Private reserves are more expensive, exclusive and offer you a higher game drive experience. You usually drive with a professional ranger and a local tracker, so the chances of spotting animals increase. Private reserves have a limited number of cars allowed at the same time, so you rarely see other tourists.
There are multiple ways of experiencing the wildlife. All of them are very safe (otherwise, very few people would go on a safari). These are some of the most common:
Game drive: You usually do two game drives a day. A 5h30m drive in the morning (from 6am to 11:30am) and a 3h30min in the afternoon (from 3pm to 6:30pm). This is the most common and easy way to spot animals. You can move fast and get close. The car makes a huge difference. The worst scenario is driving in a regular van with windows and roof. The best would be 4WD with no roof nor windows and completely adapted for enjoying the game drive.

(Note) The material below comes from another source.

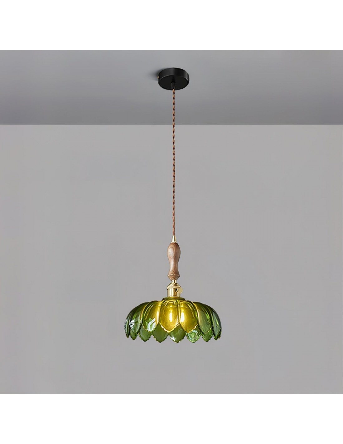 La lampada a sospensione Retro Petal Green trasuda fascino vintage con un tocco moderno. Il suo paralume in vetro verde è scolpito come delicati petali di fiori, mentre l'accento in legno aggiunge calore. Questa lampada a sospensione porta un tocco artistico in ogni stanza, perfetta per creare un'atmosfera morbida e stravagante.

Night game drive: Predators get more active at dawn so the night game drives can get more exciting. Animals are not that difficult to be spotted because the light of the rangers’ torch reflects into their eyes. Few parks offer these drives, specially those in Zambia and South Africa. Night game drives are more uncomfortable (it gets cold and you get more mosquitoes) but are more exciting (the sense of hearing sharpens allowing you to enjoy the sound of the African night).
Walking safari: This is definitely an exciting experience. Although animals are very difficult to spot (they usually avoid humans), you are accompanied by an armed ranger just for safety reasons. Walking safaris are the perfect way to discover the wildlife: learn about animal tracks and sounds, spot birds, learn the secrets of the bush…
Canoe excursions: It gives you access to places unreachable by other modes of transport: quiet backwaters, floodplains and shallow sandy channels. The silence of the mokoro (canoe) allow you to get close to wildlife. The Okavango Delta (Botswana) is the place to go although you can enjoy great canoe excursions in Zambia, south Tanzania.
You can choose among various options:
Hotel: you will find them in the most popular National Parks. It is similar to placing a Sheraton in the middle of Africa. Not too romantic but very comfortable.
Camps: for people who demand exclusivity and privacy. It is an all included service so prices are per person, starting at 125$ and reaching 1.500$ per night. You usually sleep in a luxurious tent on raised teak platforms, in the middle of the bush. Although it is safe, at night you are not allowed to walk alone. They usually have a dining area overlooking the savannah, a swimming pool, a cocktail bar, a wildlife reference library and a campfire, where guests and rangers share stories about Africa. Even if it is not as comfortable as a hotel, this would be your choice if you have enough budget and are looking for a luxurious and exclusive African experience.
Overland: the perfect option for people with a low budget willing to experience an adventure in Africa. It is a way of travelling through Africa via road, with a group of like-minded travellers. Overland vehicles are custom built and designed to deal with travel conditions in Africa. Most overlanding is based on camping adventures. For more info, visit Overlanding Africa or Kananga (if you’re in Spain).
It depends on which part of Africa you go, but basically, you can differentiate two seasons.
Dry season: From April to October are the cooler winter months which have lovely warm days but cold nights. Traditionally, the best season for game viewing as the vegetation becomes sparse and water is restricted to rivers and artificial waterholes. In my opinion, the best time to visit Africa is from June to November.
Wet season: it starts in November and ends in March. The dry bushland comes to life after the rains, as well as the insects, with an abundance of wild flowers. The game becomes harder to see as numerous waterholes fill up and the foliage becomes thicker.